> **WHAT TO PRODUCE**: Retype, word for word, each line between the lines holding "In a whimsical" and "Mit dem Rücksetzer", inclusive, and leave the rest of the data alone.

> **WORKING DATA**:
---*---

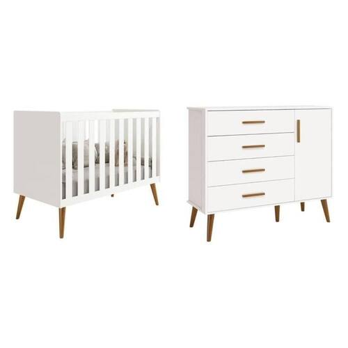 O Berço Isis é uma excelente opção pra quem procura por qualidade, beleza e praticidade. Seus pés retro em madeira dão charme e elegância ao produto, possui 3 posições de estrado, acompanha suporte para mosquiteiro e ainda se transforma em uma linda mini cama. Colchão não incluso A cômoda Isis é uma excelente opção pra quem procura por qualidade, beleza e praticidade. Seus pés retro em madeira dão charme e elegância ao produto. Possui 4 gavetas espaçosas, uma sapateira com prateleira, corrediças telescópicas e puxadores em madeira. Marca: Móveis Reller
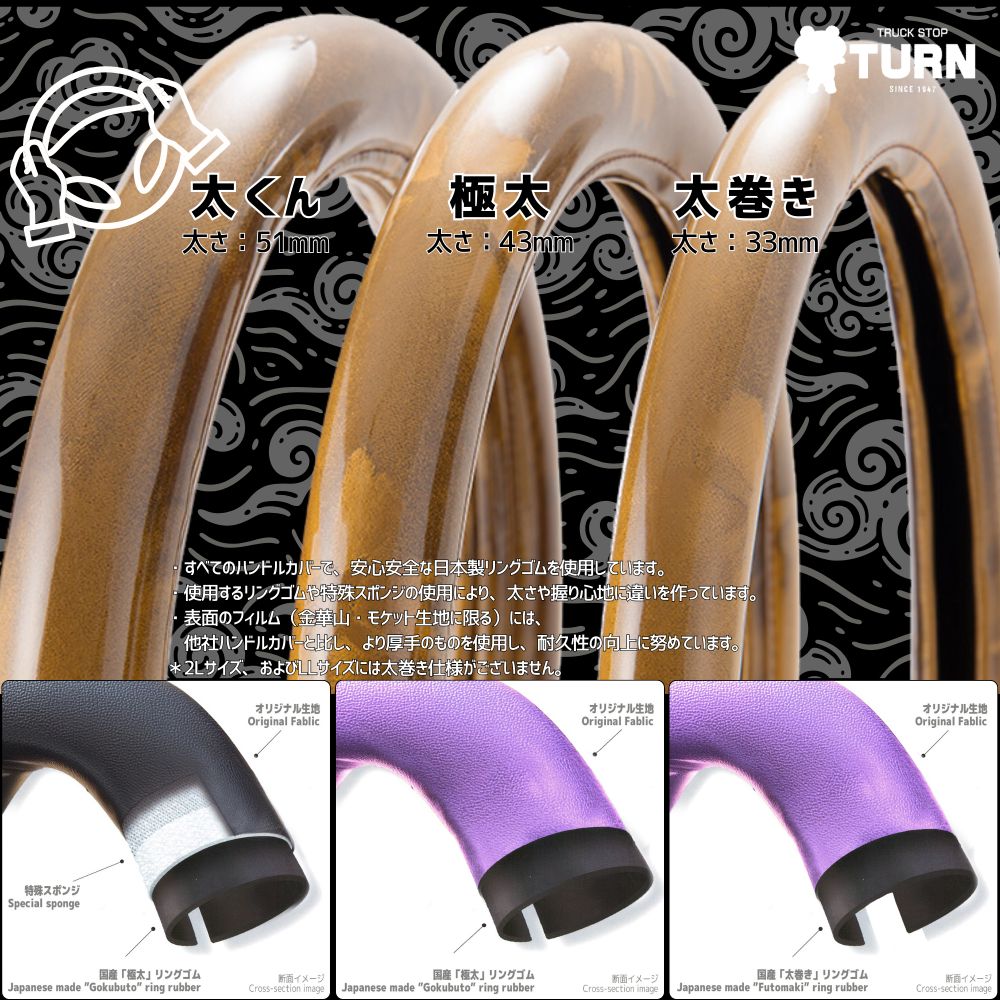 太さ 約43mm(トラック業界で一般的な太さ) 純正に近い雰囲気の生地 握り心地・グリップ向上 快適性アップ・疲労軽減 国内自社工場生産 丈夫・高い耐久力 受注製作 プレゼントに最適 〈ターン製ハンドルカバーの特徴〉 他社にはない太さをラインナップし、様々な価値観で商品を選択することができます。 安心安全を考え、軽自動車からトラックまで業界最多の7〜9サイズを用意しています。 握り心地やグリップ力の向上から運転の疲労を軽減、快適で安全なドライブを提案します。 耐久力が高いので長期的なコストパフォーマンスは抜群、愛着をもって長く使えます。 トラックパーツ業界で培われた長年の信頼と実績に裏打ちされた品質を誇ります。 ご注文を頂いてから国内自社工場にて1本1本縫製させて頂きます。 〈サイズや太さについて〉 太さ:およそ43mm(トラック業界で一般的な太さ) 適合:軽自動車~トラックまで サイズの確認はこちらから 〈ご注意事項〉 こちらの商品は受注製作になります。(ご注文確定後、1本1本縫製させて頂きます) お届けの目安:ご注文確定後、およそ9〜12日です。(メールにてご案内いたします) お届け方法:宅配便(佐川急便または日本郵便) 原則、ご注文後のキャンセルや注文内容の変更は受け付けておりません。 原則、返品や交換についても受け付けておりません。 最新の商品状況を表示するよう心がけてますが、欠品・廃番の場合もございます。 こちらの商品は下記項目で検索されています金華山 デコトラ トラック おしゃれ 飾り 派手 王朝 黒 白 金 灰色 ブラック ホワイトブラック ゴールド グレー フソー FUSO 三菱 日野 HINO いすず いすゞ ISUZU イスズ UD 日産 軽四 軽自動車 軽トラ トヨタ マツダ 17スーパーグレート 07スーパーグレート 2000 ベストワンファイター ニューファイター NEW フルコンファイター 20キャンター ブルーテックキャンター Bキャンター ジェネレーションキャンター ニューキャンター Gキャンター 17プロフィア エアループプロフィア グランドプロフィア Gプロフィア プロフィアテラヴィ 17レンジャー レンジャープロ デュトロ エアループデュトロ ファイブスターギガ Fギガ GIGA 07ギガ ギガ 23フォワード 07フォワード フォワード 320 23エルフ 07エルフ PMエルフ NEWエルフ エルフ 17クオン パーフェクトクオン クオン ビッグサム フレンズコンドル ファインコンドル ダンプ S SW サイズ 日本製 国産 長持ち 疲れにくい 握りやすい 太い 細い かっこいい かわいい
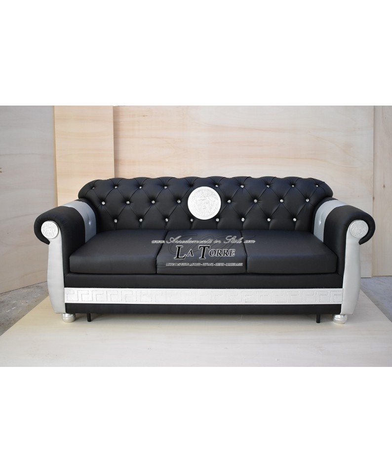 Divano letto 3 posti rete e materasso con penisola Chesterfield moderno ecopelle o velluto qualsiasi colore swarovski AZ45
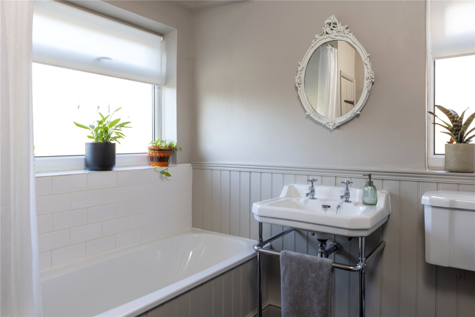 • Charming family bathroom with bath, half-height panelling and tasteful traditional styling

---*---

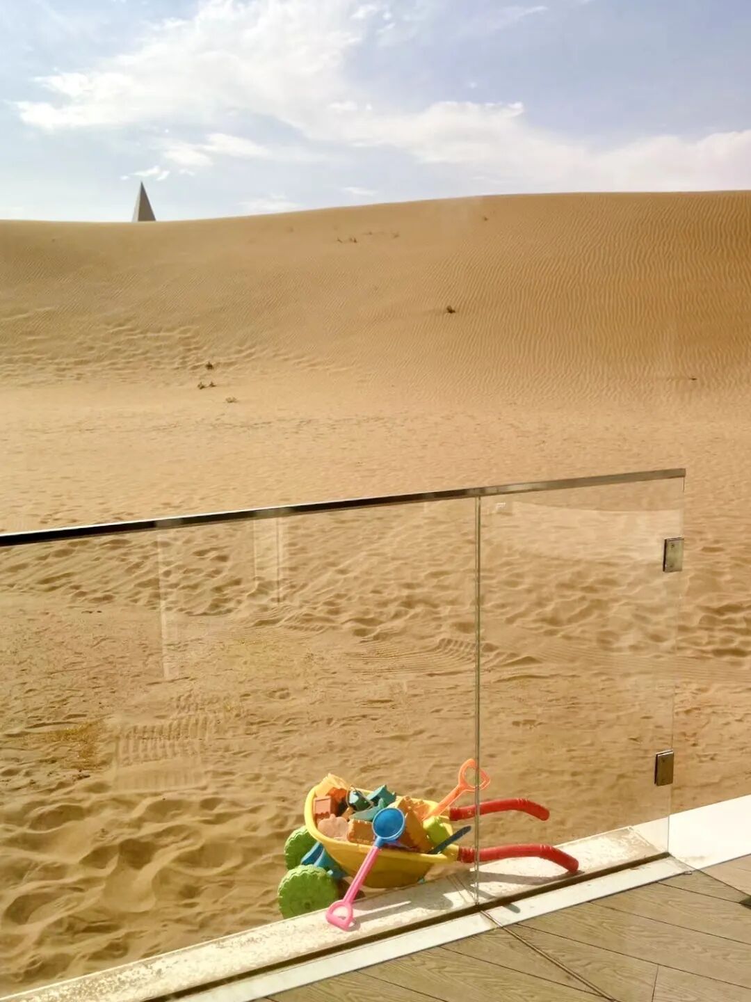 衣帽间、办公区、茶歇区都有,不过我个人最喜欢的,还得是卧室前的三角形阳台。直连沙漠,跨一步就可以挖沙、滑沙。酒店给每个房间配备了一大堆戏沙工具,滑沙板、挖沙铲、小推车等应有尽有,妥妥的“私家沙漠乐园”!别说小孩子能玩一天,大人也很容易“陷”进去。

---*---

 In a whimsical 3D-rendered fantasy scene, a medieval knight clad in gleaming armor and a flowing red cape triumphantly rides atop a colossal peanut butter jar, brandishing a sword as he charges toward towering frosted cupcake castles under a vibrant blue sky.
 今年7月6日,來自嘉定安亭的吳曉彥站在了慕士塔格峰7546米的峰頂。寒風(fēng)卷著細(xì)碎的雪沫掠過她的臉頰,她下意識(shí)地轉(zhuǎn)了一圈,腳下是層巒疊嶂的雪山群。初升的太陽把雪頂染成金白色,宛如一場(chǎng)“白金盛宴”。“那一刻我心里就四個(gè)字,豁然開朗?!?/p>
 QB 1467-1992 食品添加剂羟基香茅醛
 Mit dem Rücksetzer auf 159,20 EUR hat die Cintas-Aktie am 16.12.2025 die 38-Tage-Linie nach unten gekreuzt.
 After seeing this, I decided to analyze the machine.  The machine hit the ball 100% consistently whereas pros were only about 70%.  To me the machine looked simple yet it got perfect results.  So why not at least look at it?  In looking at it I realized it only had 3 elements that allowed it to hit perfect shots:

---*---

> **RESPONSE TO THIS TASK**:
 In a whimsical 3D-rendered fantasy scene, a medieval knight clad in gleaming armor and a flowing red cape triumphantly rides atop a colossal peanut butter jar, brandishing a sword as he charges toward towering frosted cupcake castles under a vibrant blue sky.
 今年7月6日,來自嘉定安亭的吳曉彥站在了慕士塔格峰7546米的峰頂。寒風(fēng)卷著細(xì)碎的雪沫掠過她的臉頰,她下意識(shí)地轉(zhuǎn)了一圈,腳下是層巒疊嶂的雪山群。初升的太陽把雪頂染成金白色,宛如一場(chǎng)“白金盛宴”。“那一刻我心里就四個(gè)字,豁然開朗?!?/p>
 QB 1467-1992 食品添加剂羟基香茅醛
 Mit dem Rücksetzer auf 159,20 EUR hat die Cintas-Aktie am 16.12.2025 die 38-Tage-Linie nach unten gekreuzt.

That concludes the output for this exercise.